The range of targets shows the debate clearly:

Analyst Firm Latest Rating Date Rating Price Target
Barclays July 31, 2025 Overweight (reiterated) $35.00
Wolfe Research October 30, 2025 Outperform (reiterated) $32.00
Jefferies Financial Group July 24, 2025 Hold $30.00

Recent Market Reactions to Ownership Moves

The stock market's response to Radware Ltd.'s performance has been counter-intuitive, showing a cautious investor base. For example, after the Q3 2025 earnings release on October 29th, the company reported an EPS of $0.28 on revenue of $75.31 million, both beating analyst expectations. But, the shares opened down approximately 4.6%. A similar pattern followed the Q2 2025 beat, where the stock fell 9.64% pre-market. This is a classic sign of profit-taking or a reaction to conservative forward guidance, not a sign of poor performance.

This volatility is also reflected in the institutional ownership shifts. While institutional investors own a massive 77.14% of the stock, their recent activity is a mixed bag. You see some major players trimming positions, but others are building them up.

Investor Sentiment of Major Shareholders

The institutional landscape for Radware Ltd. (RDWR) is dominated by a few key players, and their actions reveal a nuanced sentiment. Senvest Management LLC, one of the largest shareholders, trimmed its stake by 1.7% in Q2 2025, selling 69,038 shares, but still holds 4,046,559 shares valued at over $119.1 million. That's a trim, not an exit. Other major institutions were buying, showing confidence in the long-term story.

Here are the top institutional holders and their Q3 2025 activity, based on September 30, 2025, filings:

  • Artisan Partners Limited Partnership: Added 431,572 shares, a 16.0% increase in their position.
  • BlackRock, Inc.: Increased its holdings by 56,809 shares, bringing its total to 1,550,375 shares.
  • Penserra Capital Management LLC: Decreased its stake by 341,604 shares.

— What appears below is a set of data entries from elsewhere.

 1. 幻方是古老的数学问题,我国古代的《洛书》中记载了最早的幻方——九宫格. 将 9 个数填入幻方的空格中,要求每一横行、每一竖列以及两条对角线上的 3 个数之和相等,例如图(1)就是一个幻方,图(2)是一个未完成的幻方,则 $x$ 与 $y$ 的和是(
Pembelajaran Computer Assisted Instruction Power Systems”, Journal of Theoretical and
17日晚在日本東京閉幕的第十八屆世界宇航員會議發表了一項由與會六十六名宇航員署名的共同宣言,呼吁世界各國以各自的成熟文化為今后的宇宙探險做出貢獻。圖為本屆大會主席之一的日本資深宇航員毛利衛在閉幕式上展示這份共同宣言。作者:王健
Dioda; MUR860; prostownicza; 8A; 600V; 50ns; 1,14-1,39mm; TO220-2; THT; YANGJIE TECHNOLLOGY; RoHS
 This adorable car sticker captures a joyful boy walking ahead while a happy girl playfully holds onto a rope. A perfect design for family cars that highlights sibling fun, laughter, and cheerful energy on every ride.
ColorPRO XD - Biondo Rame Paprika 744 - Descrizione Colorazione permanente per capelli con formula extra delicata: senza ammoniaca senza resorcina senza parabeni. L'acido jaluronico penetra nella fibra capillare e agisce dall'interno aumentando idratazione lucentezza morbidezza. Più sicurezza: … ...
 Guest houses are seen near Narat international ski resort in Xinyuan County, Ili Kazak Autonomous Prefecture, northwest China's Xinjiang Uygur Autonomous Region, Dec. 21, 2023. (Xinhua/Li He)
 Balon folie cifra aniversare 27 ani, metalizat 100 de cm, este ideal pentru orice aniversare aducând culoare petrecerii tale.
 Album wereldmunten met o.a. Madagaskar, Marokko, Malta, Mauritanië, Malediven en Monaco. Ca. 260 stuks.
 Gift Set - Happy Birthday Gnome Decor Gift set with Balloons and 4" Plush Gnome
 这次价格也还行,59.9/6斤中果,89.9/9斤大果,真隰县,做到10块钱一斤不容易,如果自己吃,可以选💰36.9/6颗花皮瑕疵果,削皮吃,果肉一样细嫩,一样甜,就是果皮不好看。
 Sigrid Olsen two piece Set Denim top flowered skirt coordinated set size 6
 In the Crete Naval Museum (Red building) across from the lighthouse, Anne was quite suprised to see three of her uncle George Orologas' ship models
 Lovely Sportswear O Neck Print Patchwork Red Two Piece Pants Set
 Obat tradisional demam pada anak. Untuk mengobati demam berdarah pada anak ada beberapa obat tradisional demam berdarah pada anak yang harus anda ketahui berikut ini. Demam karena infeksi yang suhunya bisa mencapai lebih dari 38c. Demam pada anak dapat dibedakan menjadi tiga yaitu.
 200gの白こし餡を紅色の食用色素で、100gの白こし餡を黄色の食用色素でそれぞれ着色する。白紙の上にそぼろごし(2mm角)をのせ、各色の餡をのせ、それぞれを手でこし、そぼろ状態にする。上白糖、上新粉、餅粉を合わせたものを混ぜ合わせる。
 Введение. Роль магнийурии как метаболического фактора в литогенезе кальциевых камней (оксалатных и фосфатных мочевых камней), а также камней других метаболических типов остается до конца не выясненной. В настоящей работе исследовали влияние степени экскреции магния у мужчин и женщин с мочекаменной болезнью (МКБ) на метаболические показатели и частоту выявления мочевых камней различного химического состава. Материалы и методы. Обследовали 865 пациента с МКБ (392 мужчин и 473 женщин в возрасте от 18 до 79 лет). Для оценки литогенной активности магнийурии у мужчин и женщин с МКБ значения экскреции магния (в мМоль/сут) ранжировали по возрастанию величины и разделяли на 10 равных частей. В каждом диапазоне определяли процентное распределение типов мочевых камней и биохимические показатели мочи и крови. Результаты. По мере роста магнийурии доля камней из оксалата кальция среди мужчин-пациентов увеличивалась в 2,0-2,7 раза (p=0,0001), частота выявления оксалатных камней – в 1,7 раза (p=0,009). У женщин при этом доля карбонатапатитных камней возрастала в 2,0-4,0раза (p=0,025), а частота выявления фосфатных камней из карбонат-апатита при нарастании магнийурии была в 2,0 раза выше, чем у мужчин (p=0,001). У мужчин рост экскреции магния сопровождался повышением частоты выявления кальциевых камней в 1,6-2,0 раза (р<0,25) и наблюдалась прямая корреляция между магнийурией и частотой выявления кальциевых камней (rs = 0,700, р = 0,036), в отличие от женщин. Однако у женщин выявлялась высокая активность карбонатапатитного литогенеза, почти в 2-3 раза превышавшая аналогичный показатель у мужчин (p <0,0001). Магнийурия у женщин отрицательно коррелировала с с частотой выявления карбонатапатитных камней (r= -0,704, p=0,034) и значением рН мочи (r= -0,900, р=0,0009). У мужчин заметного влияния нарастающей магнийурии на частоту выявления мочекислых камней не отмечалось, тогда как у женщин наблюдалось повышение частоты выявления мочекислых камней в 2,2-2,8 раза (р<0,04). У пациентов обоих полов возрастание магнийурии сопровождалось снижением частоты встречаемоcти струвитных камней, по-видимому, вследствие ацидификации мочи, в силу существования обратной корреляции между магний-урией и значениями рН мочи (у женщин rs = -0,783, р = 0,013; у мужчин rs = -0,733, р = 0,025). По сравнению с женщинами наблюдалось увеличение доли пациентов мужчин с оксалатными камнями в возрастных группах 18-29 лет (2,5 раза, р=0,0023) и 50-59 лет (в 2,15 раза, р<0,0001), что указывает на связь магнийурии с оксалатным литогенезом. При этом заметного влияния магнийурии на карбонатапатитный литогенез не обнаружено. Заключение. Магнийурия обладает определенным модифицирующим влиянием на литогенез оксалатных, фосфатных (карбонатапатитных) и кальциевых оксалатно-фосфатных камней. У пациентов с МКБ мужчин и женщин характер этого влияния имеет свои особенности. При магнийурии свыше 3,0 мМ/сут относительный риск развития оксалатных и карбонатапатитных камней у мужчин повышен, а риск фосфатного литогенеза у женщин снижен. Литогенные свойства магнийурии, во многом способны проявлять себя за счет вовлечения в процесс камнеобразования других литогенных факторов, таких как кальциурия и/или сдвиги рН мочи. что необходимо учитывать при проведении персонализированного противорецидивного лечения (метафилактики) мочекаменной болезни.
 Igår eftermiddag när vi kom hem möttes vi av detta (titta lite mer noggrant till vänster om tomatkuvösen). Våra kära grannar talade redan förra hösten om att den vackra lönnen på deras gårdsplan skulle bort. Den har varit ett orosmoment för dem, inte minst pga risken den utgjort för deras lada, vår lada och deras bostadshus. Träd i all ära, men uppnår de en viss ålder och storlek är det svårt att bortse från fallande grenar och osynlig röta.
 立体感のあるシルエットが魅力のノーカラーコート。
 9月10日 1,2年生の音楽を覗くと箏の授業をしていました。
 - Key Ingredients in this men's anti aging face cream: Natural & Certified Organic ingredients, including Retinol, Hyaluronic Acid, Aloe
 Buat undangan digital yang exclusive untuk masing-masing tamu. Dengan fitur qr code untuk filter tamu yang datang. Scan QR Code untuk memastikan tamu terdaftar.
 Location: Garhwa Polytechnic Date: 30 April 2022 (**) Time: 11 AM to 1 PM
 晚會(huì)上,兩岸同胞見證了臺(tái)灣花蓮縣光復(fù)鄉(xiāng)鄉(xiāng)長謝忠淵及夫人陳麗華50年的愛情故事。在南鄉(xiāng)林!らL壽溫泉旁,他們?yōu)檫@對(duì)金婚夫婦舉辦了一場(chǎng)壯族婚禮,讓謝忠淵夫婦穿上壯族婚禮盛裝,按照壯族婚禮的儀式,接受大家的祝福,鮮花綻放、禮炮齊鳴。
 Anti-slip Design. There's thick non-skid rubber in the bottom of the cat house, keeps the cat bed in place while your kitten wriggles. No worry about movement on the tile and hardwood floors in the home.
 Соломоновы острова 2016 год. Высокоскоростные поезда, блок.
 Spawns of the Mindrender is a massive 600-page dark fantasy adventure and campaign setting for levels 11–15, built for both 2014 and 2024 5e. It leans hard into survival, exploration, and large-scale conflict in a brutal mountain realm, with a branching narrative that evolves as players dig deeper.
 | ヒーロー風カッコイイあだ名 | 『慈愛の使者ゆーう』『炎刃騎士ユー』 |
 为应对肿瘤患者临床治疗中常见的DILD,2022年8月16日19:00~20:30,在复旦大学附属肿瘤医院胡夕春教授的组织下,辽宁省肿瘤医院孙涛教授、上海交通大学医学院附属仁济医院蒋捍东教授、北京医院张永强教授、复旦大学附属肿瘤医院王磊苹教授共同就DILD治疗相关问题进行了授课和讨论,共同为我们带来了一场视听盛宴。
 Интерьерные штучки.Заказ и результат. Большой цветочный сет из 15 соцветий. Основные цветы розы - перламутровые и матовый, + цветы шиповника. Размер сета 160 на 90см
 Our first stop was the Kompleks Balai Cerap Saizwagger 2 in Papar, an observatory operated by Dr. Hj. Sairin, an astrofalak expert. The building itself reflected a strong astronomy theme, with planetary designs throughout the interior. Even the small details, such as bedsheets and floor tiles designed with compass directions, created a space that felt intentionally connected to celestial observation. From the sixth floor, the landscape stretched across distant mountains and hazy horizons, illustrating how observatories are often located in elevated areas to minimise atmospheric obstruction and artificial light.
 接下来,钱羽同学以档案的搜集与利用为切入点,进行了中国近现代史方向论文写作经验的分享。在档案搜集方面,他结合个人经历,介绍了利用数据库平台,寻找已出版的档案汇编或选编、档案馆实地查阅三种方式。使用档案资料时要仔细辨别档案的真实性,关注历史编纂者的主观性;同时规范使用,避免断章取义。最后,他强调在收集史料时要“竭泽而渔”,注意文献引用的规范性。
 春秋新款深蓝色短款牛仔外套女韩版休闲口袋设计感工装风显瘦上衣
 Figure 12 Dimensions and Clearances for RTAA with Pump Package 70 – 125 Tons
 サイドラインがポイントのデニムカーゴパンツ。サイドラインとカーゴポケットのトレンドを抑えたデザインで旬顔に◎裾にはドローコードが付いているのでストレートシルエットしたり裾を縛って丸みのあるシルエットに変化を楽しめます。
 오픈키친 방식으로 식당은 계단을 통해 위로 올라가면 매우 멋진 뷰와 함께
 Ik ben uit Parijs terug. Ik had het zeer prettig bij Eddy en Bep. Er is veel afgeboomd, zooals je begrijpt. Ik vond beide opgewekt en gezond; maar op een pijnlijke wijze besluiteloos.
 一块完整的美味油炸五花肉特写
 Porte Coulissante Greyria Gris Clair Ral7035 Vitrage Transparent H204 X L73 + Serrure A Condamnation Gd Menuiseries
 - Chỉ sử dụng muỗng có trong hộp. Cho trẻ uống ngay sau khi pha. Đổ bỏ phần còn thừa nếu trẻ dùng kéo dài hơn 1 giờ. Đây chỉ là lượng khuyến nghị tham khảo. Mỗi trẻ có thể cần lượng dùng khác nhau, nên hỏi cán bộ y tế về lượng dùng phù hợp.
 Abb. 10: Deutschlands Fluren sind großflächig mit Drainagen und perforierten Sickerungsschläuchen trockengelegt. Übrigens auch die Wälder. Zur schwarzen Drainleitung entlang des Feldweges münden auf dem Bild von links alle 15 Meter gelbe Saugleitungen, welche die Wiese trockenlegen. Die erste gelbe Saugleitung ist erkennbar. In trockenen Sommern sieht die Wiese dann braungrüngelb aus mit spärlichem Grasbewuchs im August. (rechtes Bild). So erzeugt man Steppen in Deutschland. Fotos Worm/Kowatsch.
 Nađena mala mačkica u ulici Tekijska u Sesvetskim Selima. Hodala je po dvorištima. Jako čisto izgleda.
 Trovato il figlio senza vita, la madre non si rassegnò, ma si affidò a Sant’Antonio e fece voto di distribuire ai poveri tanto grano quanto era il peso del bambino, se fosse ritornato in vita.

So, the sentiment is fractured: activist-style funds like Senvest are taking some chips off the table, while major asset managers like BlackRock, Inc. are quietly increasing their exposure. It tells you the long-term growth story is still compelling, but short-term valuation concerns are real. The next step is to monitor the Q4 2025 earnings, which is guided for $0.290-0.300 EPS, and see if the market rewards the execution this time.